● What is needed
Only the stretch below from the line holding "为实现更加充分更高质量就业,鼓励我院本科" through the line holding "Sleeveless Lace Up" should be restated, word for word and with both ends included; pictures stay out.

● Records
* * *
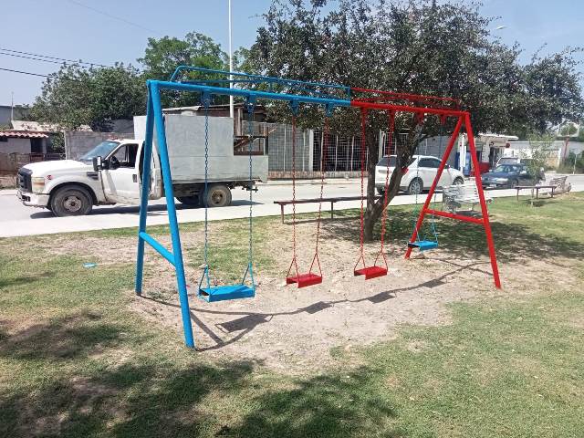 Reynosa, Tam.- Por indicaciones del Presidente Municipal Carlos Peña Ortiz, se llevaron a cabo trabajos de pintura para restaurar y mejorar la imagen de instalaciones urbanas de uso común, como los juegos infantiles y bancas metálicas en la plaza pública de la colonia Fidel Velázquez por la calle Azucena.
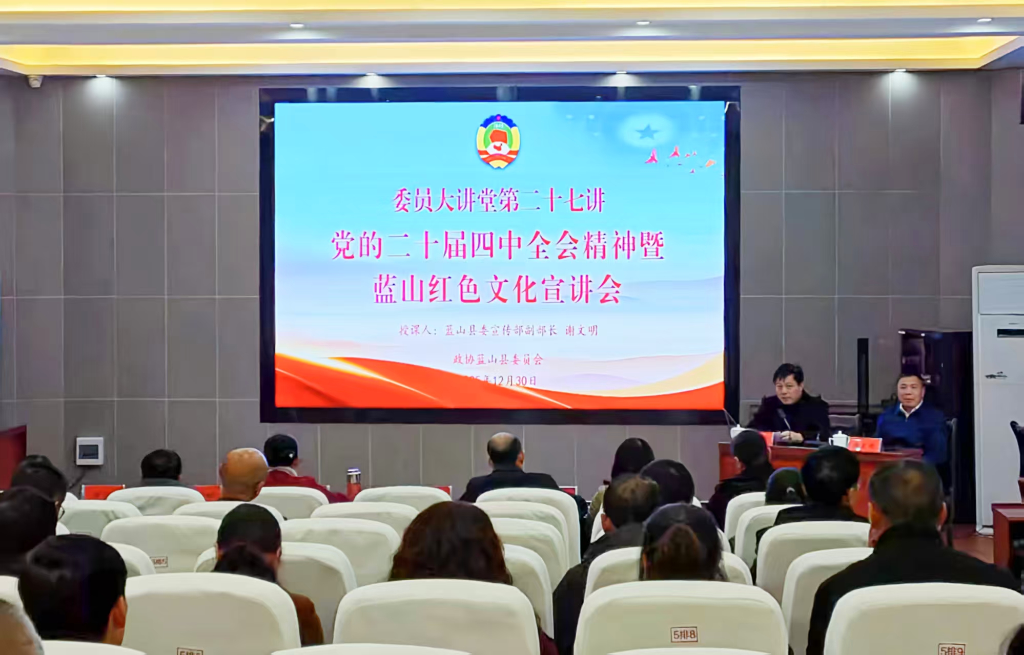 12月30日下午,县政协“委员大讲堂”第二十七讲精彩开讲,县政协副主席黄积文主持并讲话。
* * *
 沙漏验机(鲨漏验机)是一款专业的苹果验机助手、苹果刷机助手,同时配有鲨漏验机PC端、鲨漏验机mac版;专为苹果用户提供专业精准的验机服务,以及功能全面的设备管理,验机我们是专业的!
* * *
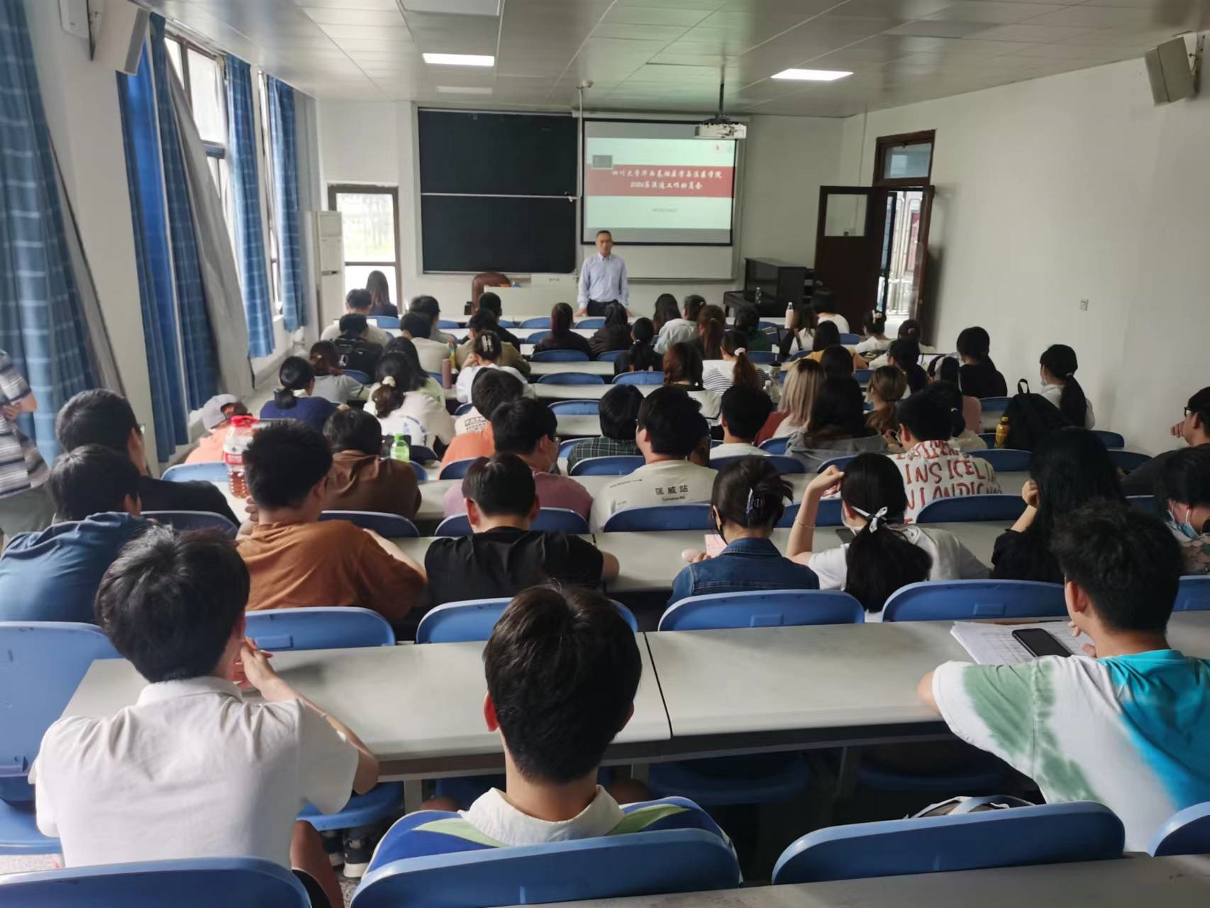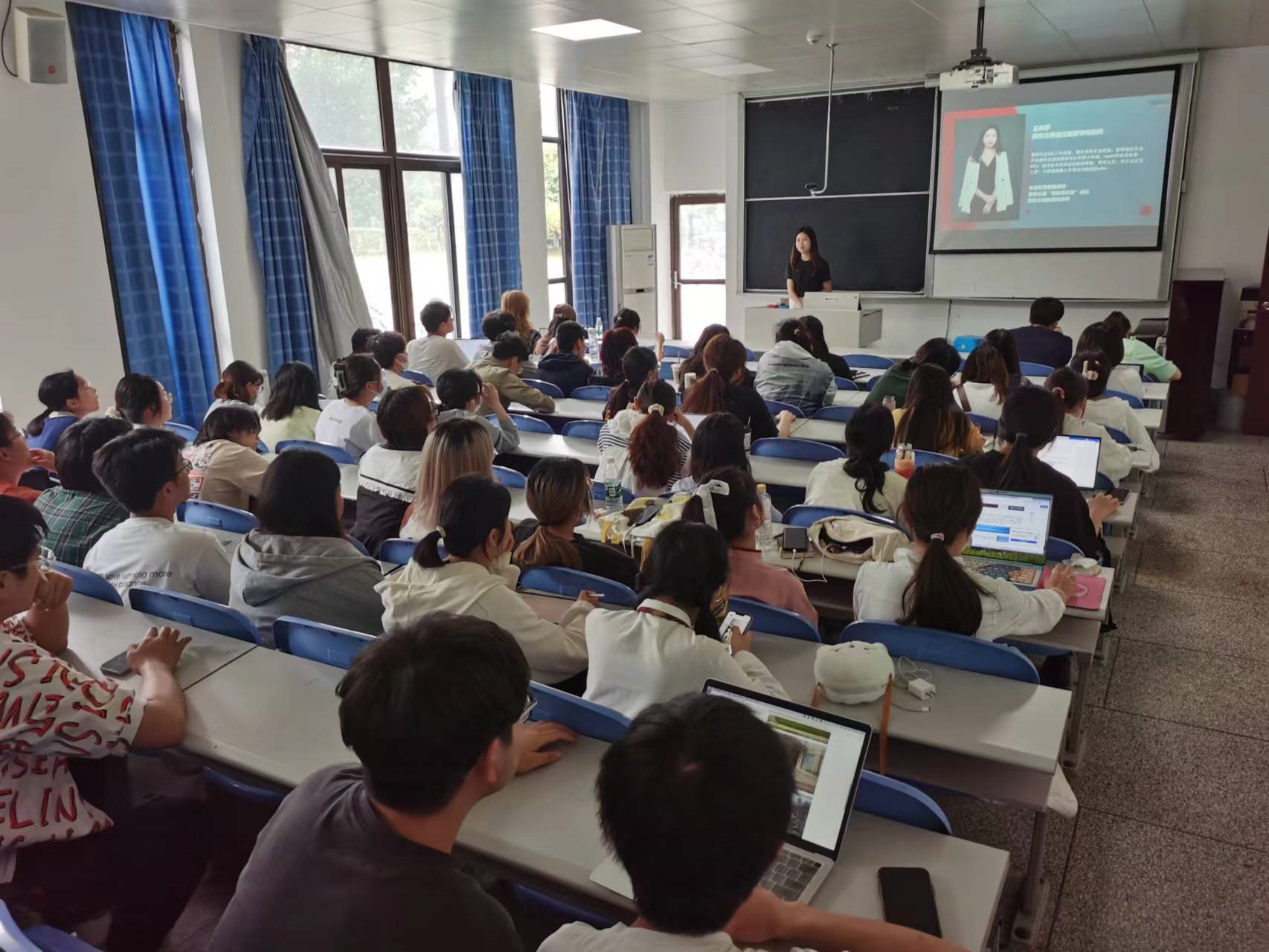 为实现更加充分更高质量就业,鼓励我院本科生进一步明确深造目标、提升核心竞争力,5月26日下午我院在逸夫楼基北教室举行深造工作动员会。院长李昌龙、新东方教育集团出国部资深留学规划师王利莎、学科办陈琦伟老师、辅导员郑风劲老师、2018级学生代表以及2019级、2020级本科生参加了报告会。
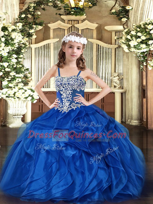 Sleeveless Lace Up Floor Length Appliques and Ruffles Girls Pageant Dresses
* * *
● Solution for this exercise
 为实现更加充分更高质量就业,鼓励我院本科生进一步明确深造目标、提升核心竞争力,5月26日下午我院在逸夫楼基北教室举行深造工作动员会。院长李昌龙、新东方教育集团出国部资深留学规划师王利莎、学科办陈琦伟老师、辅导员郑风劲老师、2018级学生代表以及2019级、2020级本科生参加了报告会。
 Sleeveless Lace Up Floor Length Appliques and Ruffles Girls Pageant Dresses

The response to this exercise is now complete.